Coletamos também centenas de outros materiais. Hoje é proibida a utilização de canudo plástico, mas na época que estávamos saindo para fazer as coletas ainda não era proibido, então encontrávamos muitos canudos. Até depois da lei entrar em vigor, ainda os encontrávamos já que as pessoas não queriam parar de usá-los. 

O lixo só é lixo por causa do seu destino, Recicle e você pode salvar o mundo.

Grupo de alunos do CEFET/RJ em mutirão do projeto Menos Plástico é Mais, na cidade do Rio de Janeiro, carregando banner com a mensagem: O lixo só é lixo por causa do seu destino, Recicle e você pode salvar o mundo.
Acervo das entrevistadas.

ECV: Considerando que estamos na década das ciências oceânicas e a importância que projetos como o Menos plástico é Mais tem para a proteção e conservação de ambientes marinhos, qual a importância que vocês atribuem a entrada de temas da ciência cidadã e da cultura oceânica nos espaços formais, informais e não formais de ensino?
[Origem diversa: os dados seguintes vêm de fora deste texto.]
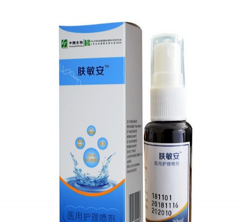 - 肤敏安皮肤过敏喷雾剂(医用护理喷剂)对外源性过敏导致的皮肤红肿、破损,起到物理阻隔保湿修复作用。适用人群:1.过敏人群;2.面部红血丝;3.皮肤红肿、破损等。
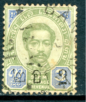Thailand Stamps 1891 First Issues 2a/3a Green & Blue Scott #28 VFU H273
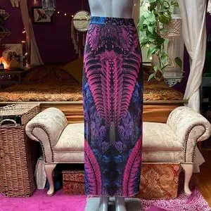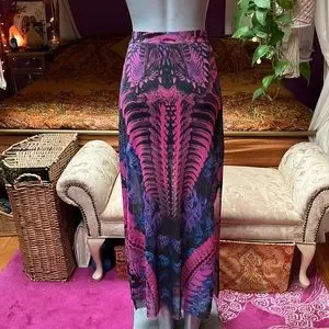 Vintage Lip Service Pink & Purple Cyber Alien Skeleton Mesh Maxi Skirt
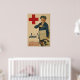 A World War I poster showing a boy carrying newspapers and pointing to Red Cross button on his sweater.
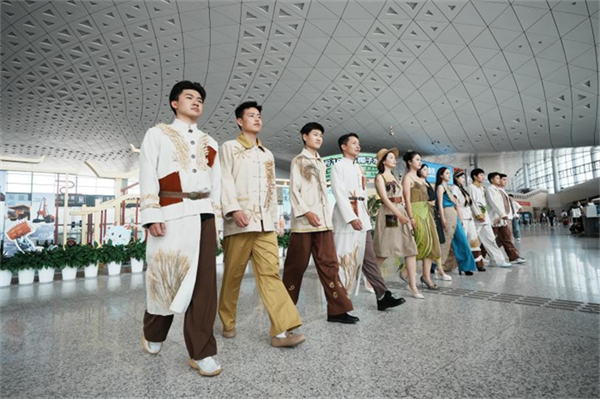 活动高潮迭起,学子们身着自己亲手加工设计的创意服饰走上“T台”🐼🎅,他们身姿挺拔卓立🕎,目光自信坚定,步伐稳重有力。将书法、五谷、剪纸、戏曲等传统文化元素融于创意时尚服饰,进行解构重组⚽️、二次设计,每一次设计都展现了大家创意的迸发;每一个秀场都化身同学们的最in舞台✤🐉;每一场表演都标榜着宿航学子无极限的青春。时尚快闪引得旅客与工作人员驻足观赏,频频鼓掌点赞。

Giselle: Bastante. Porque tanto os alunos quanto as pessoas que encontramos na praia não tem consciência de que o lixo que elas jogam em terra chega ao mar. Por mais que seja meio óbvio, elas não têm consciência de que aquele papelzinho de bala pode cair no esgoto, que pode cair no rio e chegar ao mar de alguma forma. Com respeito a cultura oceânica é isso, o que nós no meio terrestre estamos causando com certas atitudes, atitudes essas que chegam no mar. E chegam lá causando malefícios. Em uma de nossas visitas à praia encontramos com um grupo de apoio da Petrobras que estava indo coletar tartarugas mortas, e naquele dia às 15h já era a 3ª tartaruga que eles iam retirar.
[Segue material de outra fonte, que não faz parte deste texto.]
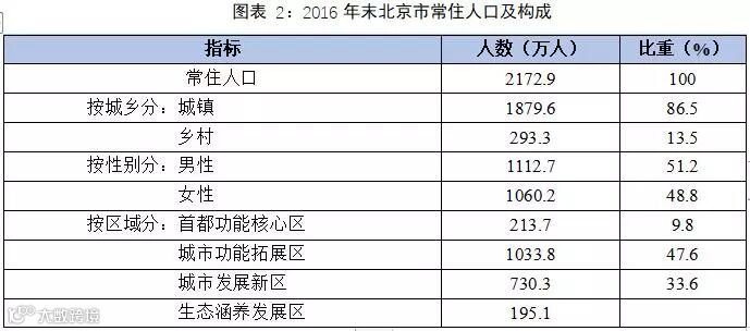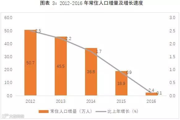 从人口增长情况看,由于近几年北京市人口控制措施趋严,导致常驻人口增量开始放缓。2016年全年,常驻人口增量仅为2.4万人,较上年增长0.1%。

Valéria: Acho que o homem nunca imaginou a que ponto isso chegaria. Você usa o recurso e aquilo vira lixo. E você faz o quê com aquele lixo? Poucas pessoas têm consciência, e essa consciência não adianta forçar, ela tem que vir de dentro para fora e ela só brota quando trabalhamos com números. Você apresenta e fala quanto de lixo cada um gera, qual o perigo. Já tive o desprazer de ver uma tartaruga toda enrolada em rede de pesca, degolada e estraçalhada. Você vê aquilo e pensa “Caramba isso podia ser evitado”. Não temos essa cultura, as pessoas acham que basta usar. Já ouvi de pessoas “Não tô preocupada com o futuro, você tá falando de 2050, em 2050 já estarei morto há muito tempo”, mas não é assim que devemos pensar. Esse é o maior ganho do Menos Plástico é Mais – quando fazemos as pessoas pensarem sobre aquilo que elas produzem. Como a Giselle falou muito bem, o lixo está na praia, mas antes de estar lá ele estava em outro lugar. É muito importante que ações como essa, não só o nosso projeto, mas outros com a mesma temática, levantem essa bandeira e alertem as pessoas para aquilo que elas estão causando. Qual efeito eu causo com as minhas atitudes?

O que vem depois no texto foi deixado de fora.